Мы весело шагаем,
Мы песенку поем.
Опасность презираем!
На трудности плюем!
Дальше мы петь не смогли. Во рту пересохло. Очень хотелось пить. Трава под ногами сильно пожелтела. Листья свернулись в трубочку. Земля стала твердая, словно асфальт, а местами даже потрескалась.
Ах как хотелось пить, но нигде не было ни одного ручейка. Кузя изнывал от жажды. Я сам много бы дал за стакан газированной с сиропом. Даже без сиропа... Но об этом можно было только мечтать...
Мы шли мимо русла высохшей речки. На его дне, как на сковородке, валялись сухие рыбки.
- Куда девалась вода? - жалобно спрашивал Кузя. - Неужели тут нет ни графинов, ни чайников, ни ведер, ни кранов? Нет всех этих полезных и хороших вещей, из которых добывается вода?
Я молчал. Мой язык как будто высох и не ворочался.
А наш мяч все катился. Он остановился только на полянке, выжженной солнцем. Посредине нее торчало голое скрюченное дерево. А вокруг поляны скрипел сухими черными ветками голый лес.
Я сел на холмик, засыпанный пожелтевшими листьями. Кузя прыгнул мне на колени. Ох как нам хотелось пить! Я даже не знал, что можно так хотеть пить. Все время я как будто видел холодную струю. Она так красиво льется из крана и весело поет. Вспоминался мне и наш хрустальный кувшин, и даже капельки на его хрустальных бочках.
Я закрыл глаза и, как во сне, увидел тетю Любашу: на углу нашей улицы она продавала газированную воду. Тетя Любаша держала стакан холодной воды с вишневым сиропом. Ах, этот стаканчик бы! Пусть без сиропа, пусть даже не газированной... Да что там стаканчик! Сейчас я мог бы выпить целое ведро.

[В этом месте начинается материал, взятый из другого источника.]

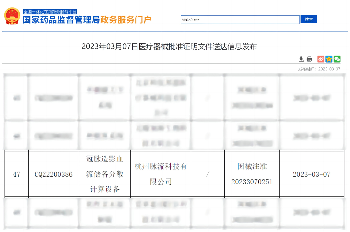 冠脈造影血流儲備分數(shù)計算設備獲證,2023年第五張三類醫(yī)療器械注冊證??MA成果發(fā)布

Вдруг холмик подо мной зашевелился. Потом стал расти и сильно раскачиваться.
- Держись, Кузя! - закричал я и скатился вниз.
- Здесь горки и те сумасшедшие, - ворчал Кузя.
- Я не горка, я верблюд, - услышали мы чей-то жалобный голос.
Наша 'горка' встала на ноги, отряхнула с себя листья, и мы в самом деле увидели верблюда. Кузя тут же выгнул спинку и спросил:
- Ане собираетесь ли вы съесть мальчика и его верного кота?
Верблюд сильно обиделся.
- Неужели вы не знаете, кот, что верблюды едят траву, сено и колючки? - насмешливо спросил он Кузю. - Единственная неприятность, которую я могу вам сделать, - это плюнуть на вас. Но я не собираюсь плеваться. Мне не до этого. Даже я, верблюд, умираю от жажды.
- Пожалуйста, не умирайте, - попросил я бедного верблюда, но он только застонал в ответ.
- Никто дольше верблюда не может переносить жажду. Но наступает время, когда и верблюд протягивает ноги. В лесу уже много зверей погибло. Есть еще живые, но и они умрут, если их немедленно не спасти.
Из лесу доносились тихие стоны. Мне было так жалко несчастных зверушек, что я немножко забыл о воде.
- А могу я чем-нибудь помочь им? - спросил я верблюда.
- Ты можешь их спасти, - ответил верблюд.
- Тогда побежим в лес, - сказал я.
Верблюд рассмеялся от радости, а Кузя совсем не обрадовался.
- Думай, что говоришь, - недовольно шипел кот. - Как это ты можешь их спасти? Какое тебе дело до них?
- Ты эгоист, Кузя, - сказал я ему спокойно. - Обязательно пойду их спасать. Вот верблюд расскажет мне, что надо сделать, я их и спасу. А ты, Кузя...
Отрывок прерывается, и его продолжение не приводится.